Problem to solve -> Set down every entry word for word. Omit the pictures.

Dataset records ->
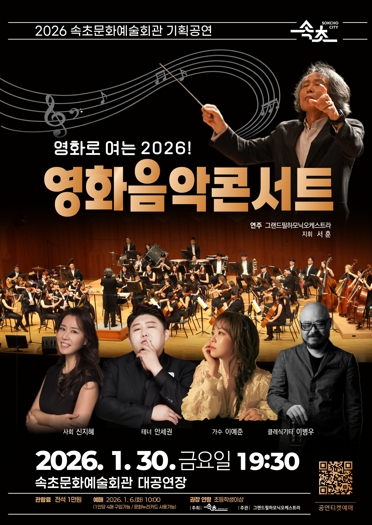 이병선 속초시장은 “이번 영화음악 콘서트가 시민이 새해를 문화예술과 함께 의미 있게 시작하는 계기가 되길 바란다”며 “앞으로도 다양한 공연 콘텐츠를 통해 시민의 문화 향유 기회를 확대해 나가겠다”고 말했다.
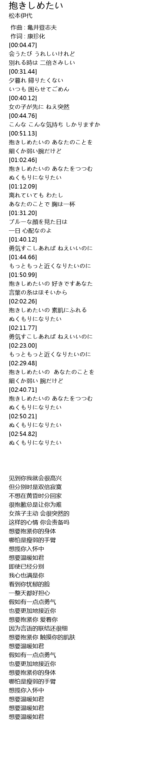 | [02:31.85] | 想要抱紧你的身体 |
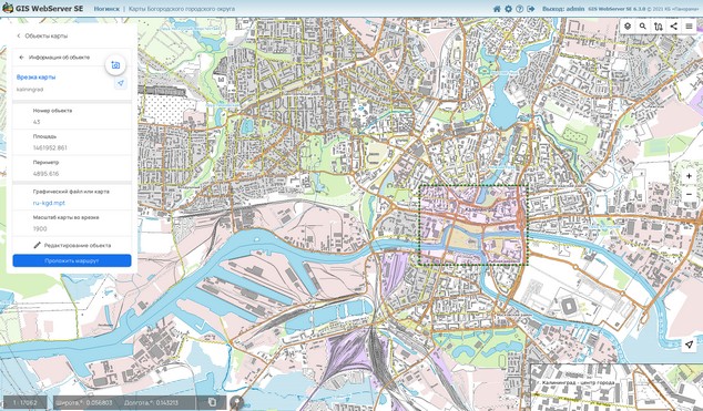 При выборе объекта в карте имя документа отображается в свойствах объекта на панели «Объекты карты» как ссылка. Для скачивания файла документа необходимо кликнуть на имя файла. Получение файла выполняется средствами web-браузера. Необходимо, чтобы в настройках браузера были разрешены всплывающие окна.
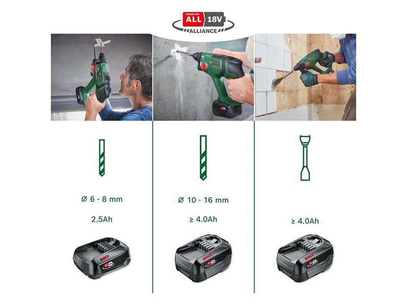 Mit diesem Akku-Kraftwerk macht sogar das Bohren Spaß: hohe Schlagkraft, einfache Bedienung, flexible Anwendung. Der pneumatische Schlagmechanismus von Bosch mit einer Schlagkraft von 2,0 J ist ideal zum Bohren von Löchern in Beton mit einem Durchmesser von bis zu 16 mm – mit einem SDS plus Bohrer. Diese beeindruckende Kraft ist auch ausreichend für das Entfernen von Fliesen und das Meißeln von Kabelkanälen. Mit diesem leichten und kompakten Werkzeug sind langwierige Arbeiten für Heimwerker weniger ermüdend. Dank der Vibrationsdämpfung und Drehzahlsteuerung vibriert das Werkzeug weniger und ist viel stabiler.
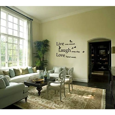 Walplus Wall Stickers Quote"Live Laugh Love" Removable Self Adhesive Mural Art Decals Vinyl Home Decoration DIY Living Bedroom Office Décor Wallpaper Kids Room Gift, Multi Colour

Output for this task ->
 이병선 속초시장은 “이번 영화음악 콘서트가 시민이 새해를 문화예술과 함께 의미 있게 시작하는 계기가 되길 바란다”며 “앞으로도 다양한 공연 콘텐츠를 통해 시민의 문화 향유 기회를 확대해 나가겠다”고 말했다.
 | [02:31.85] | 想要抱紧你的身体 |
 При выборе объекта в карте имя документа отображается в свойствах объекта на панели «Объекты карты» как ссылка. Для скачивания файла документа необходимо кликнуть на имя файла. Получение файла выполняется средствами web-браузера. Необходимо, чтобы в настройках браузера были разрешены всплывающие окна.
 Mit diesem Akku-Kraftwerk macht sogar das Bohren Spaß: hohe Schlagkraft, einfache Bedienung, flexible Anwendung. Der pneumatische Schlagmechanismus von Bosch mit einer Schlagkraft von 2,0 J ist ideal zum Bohren von Löchern in Beton mit einem Durchmesser von bis zu 16 mm – mit einem SDS plus Bohrer. Diese beeindruckende Kraft ist auch ausreichend für das Entfernen von Fliesen und das Meißeln von Kabelkanälen. Mit diesem leichten und kompakten Werkzeug sind langwierige Arbeiten für Heimwerker weniger ermüdend. Dank der Vibrationsdämpfung und Drehzahlsteuerung vibriert das Werkzeug weniger und ist viel stabiler.
 Walplus Wall Stickers Quote"Live Laugh Love" Removable Self Adhesive Mural Art Decals Vinyl Home Decoration DIY Living Bedroom Office Décor Wallpaper Kids Room Gift, Multi Colour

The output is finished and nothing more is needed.